Giggling, he tosses the sheet up suddenly around my head and shoulders and drags me forward with it. Scrambling and disoriented in the sudden second layer of darkness, I flop over onto the couch and he falls next to me. Smirking, he lifts the sheet and peeks at me over its edge.

"Where are the cat-like reflexes, Mister Hobbit?" he asks, left eyebrow up, sheet over the lower half of his face, all teasing.

"You're the kitten here," I blurt out.

Ah, fuck.

The other eyebrow goes up along with an incredulous expression.

"What?" I ask, trying to sound defensive.

"Right," he says, dropping the sheet entirely and falling across my lap.

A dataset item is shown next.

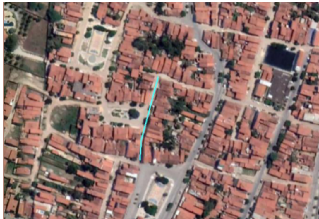
PLANTA DE SITUAÇÃO SEM ESCALA

As usual, I sit back; watching him and making sure my hands don't touch him. He treats me exactly as he would treat Billy or Dom or Orli, and I like that. I'd love to return the affection the way the other guys do. But I know that if I were to start doing that, it would be a lie, from the off. Because touching him is so much more than a friendly gesture and I don't think I could hide that.

Oh, but staring? Staring is another thing entirely. Staring has taken on a new meaning in the past six months. I just may have perfected it.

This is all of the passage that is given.